- **RECORDS FOR PROCESSING**:

----

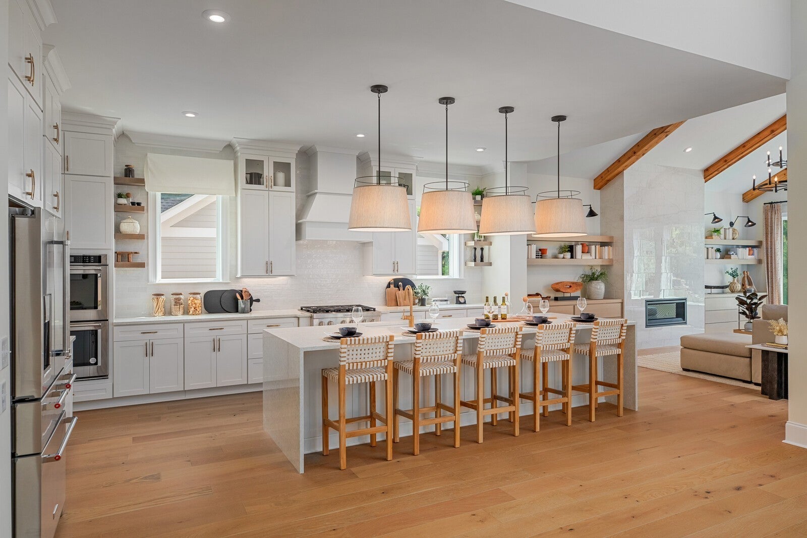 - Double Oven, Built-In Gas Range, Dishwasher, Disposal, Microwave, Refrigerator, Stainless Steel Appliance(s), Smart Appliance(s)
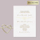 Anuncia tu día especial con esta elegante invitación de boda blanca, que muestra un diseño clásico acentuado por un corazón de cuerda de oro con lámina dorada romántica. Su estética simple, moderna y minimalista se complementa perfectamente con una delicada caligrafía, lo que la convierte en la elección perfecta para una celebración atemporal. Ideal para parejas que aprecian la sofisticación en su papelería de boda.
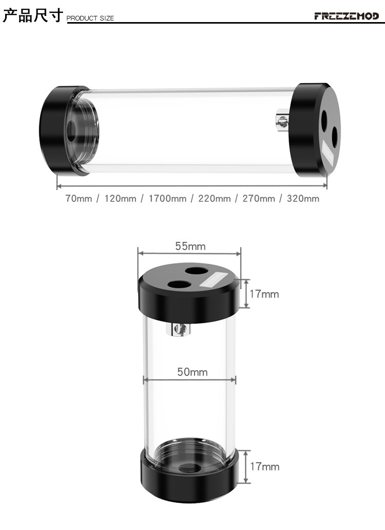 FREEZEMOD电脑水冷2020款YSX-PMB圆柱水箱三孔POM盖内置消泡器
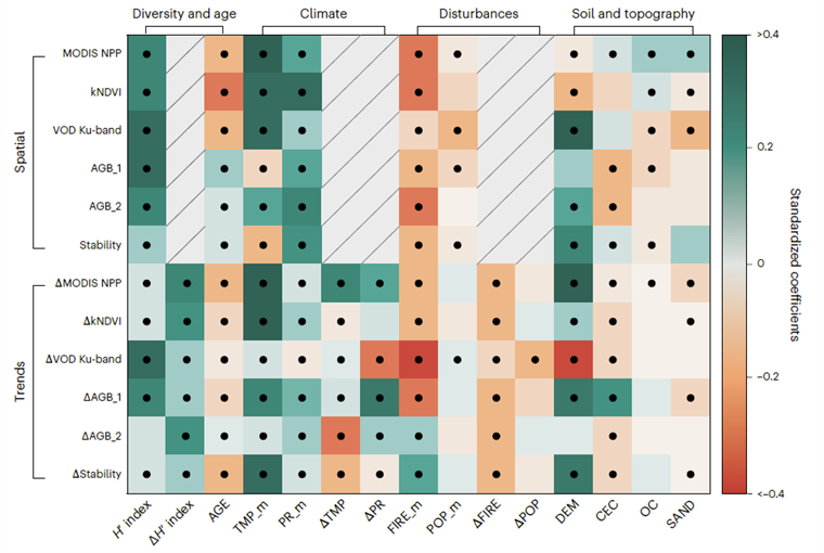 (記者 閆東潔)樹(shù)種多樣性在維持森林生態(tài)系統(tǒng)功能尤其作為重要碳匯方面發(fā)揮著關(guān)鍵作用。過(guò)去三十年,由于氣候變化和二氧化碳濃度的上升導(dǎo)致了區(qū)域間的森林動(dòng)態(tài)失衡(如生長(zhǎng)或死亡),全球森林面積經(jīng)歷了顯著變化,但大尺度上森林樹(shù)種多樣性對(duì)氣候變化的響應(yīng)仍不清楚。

----

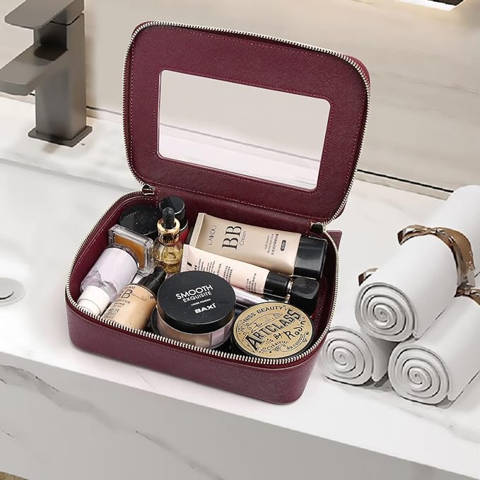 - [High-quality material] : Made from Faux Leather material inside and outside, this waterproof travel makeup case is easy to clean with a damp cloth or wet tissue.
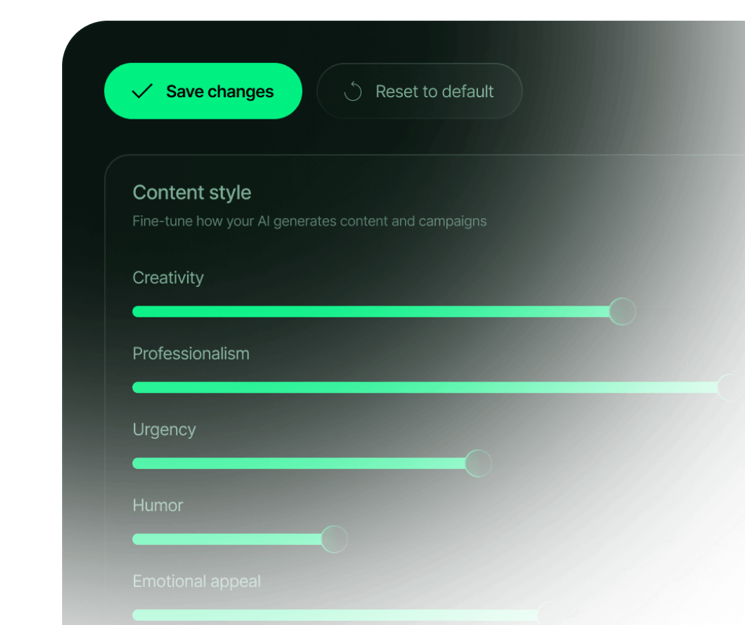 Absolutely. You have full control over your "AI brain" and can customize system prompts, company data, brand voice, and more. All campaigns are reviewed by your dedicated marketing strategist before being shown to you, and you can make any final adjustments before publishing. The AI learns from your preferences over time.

----

- **TASK REQUIREMENTS**: A verbatim reproduction is expected: starting at the line above that has "- [High-quality material]", ending at the line that has "Absolutely. You have", both included, and with no pictures and no other lines.

- **TASK OUTPUT**:
 - [High-quality material] : Made from Faux Leather material inside and outside, this waterproof travel makeup case is easy to clean with a damp cloth or wet tissue.
 Absolutely. You have full control over your "AI brain" and can customize system prompts, company data, brand voice, and more. All campaigns are reviewed by your dedicated marketing strategist before being shown to you, and you can make any final adjustments before publishing. The AI learns from your preferences over time.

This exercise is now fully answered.